天空のエトランゼ〜赤の王編〜
「あたしは…」

突然、顔を上げると、真由は輝に近付いた。

「それでも、あの人は逃げれたからいいと思います」

「うう…」

近すぎる真由の顔に、輝は後ろに身を反らした。

「あなたから…人間ではない匂いがします。だから…あなたには、話せるのかもしれませんね」

真由は鼻をクンクンさせると、笑顔を作った。

「人ではない匂い…」

それは、身体に宿した犬神の匂いだろうか。

「いい匂いです」

真由は、輝から離れ…ペコッと頭を下げた。そして、再び背を向けた。

「姉のことは気にしないで下さい。あの人も…所詮、人間ですから」

と言うと、歩きだした。

「所詮…人間…」

最後の言葉を呟くように言うと、輝は唇を噛み締め、遠ざかっていく真由を追いかけようとした。

そんな輝の鼻先を何かが、左から右に通り過ぎた。

「え」

鼻先が、血で滲んだ。

動きが止まった輝の左横から、駆け寄ってくる生徒がいた。

勿論、銃を突きだしたまま走ってくる梨々香である。

「てめえ!いつの間に!ターゲットと接触してやがる!」

引き金に指をかけて、怒りの形相で向かってくる梨々香を見ることなく、輝は掴むことができなかった自分の手を見つめ、わなわなと震えだした。

「あの女は、あたしが!」

「うるさい!」

輝の姿が消えた。
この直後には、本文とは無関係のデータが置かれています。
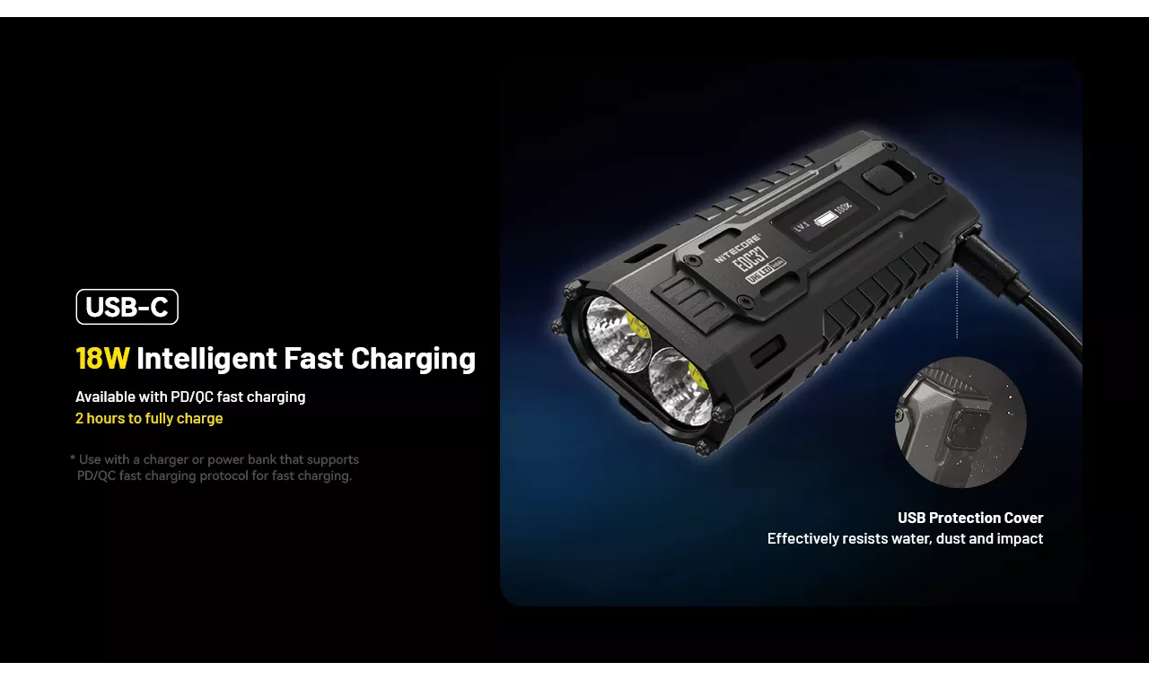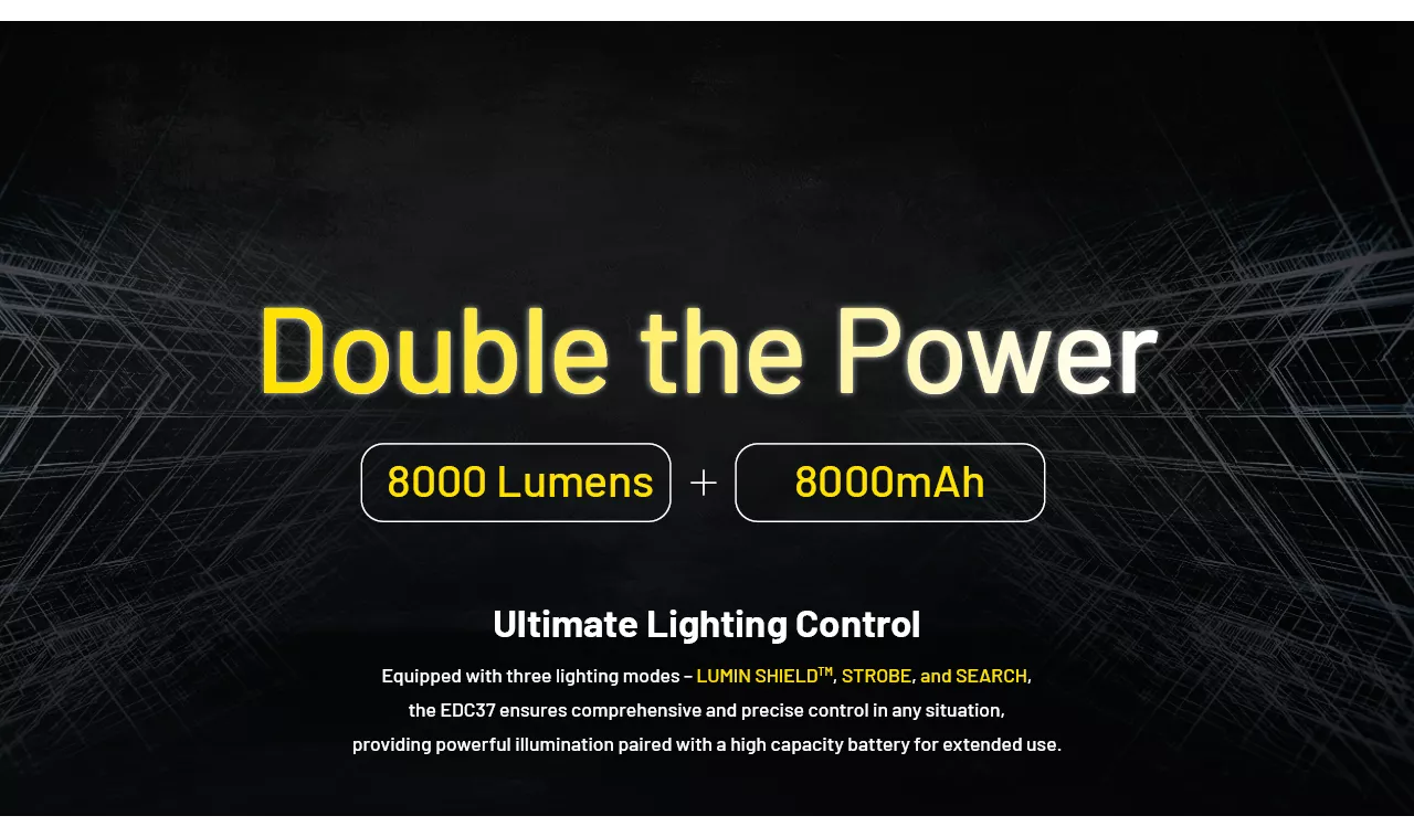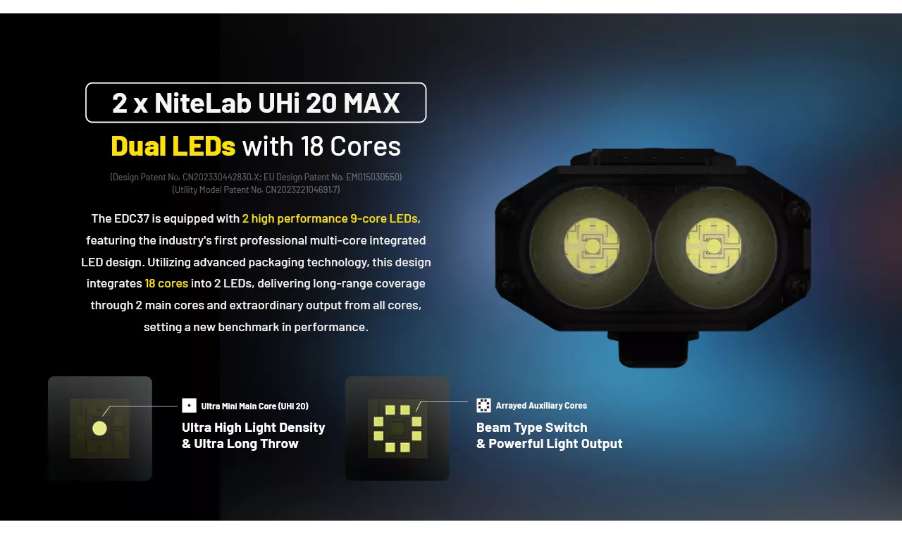 NITECORE EDC37 – galingas, prikrautas funkcijų EDC stiliaus prožektorius / žibintas su plokščiu korpusu. Įrenginyje įdiegti du UHi 20 MAX LED moduliai, leidžiantys pasiekti iki 8 000 liumenų ryškumą ir šviesos spindulį iki 420 metrų. Įmontuota 8 000 mAh ličio jonų baterija užtikrina ilgą veikimo trukmę. Yra LUMIN SHIELD™, Search ir STROBE režimai. Įrenginys turi du dviejų pakopų valdymo mygtukus (vienas – išorinėms funkcijoms pritaikomas), Rapid Lock™ slankiojančią užrakinimo jungtį, OLED ekranėlį su informacija apie ryškumą ir baterijos likutį. Konstrukcija pasižymi teksūra, užtikrinančia gerą sukibimą. Taip pat numatyta efektyvi šilumos sklaida ir integruotos kietųjų keramikinių aštrių galai, tinkami langų griaunimui arba gelbėjimo situacijoms.

目視できない神速を超えた輝は、梨々香の銃を蹴り落とした。

「え!」

梨々香には、輝の蹴りがまったく見えなかった。

ただ…いつの間にか銃が手から消え、廊下に転がっていた。

「くそ!」

苛立ちが、輝の様子を変えていた。

野生の狼のように、危険な雰囲気が漂っていた。

「く、くそ!」

そう言うと、輝は自らの教室に向かってく歩きだした。 その間、まったく梨々香の方を見ていない。

「な、何なのよ…」

梨々香は、銃を拾うことなく、離れていく輝の背中を見送った。

「クソ!」

苛立つ輝。だけど、心の底では…自分の苛立ちの意味がわかっていなかった。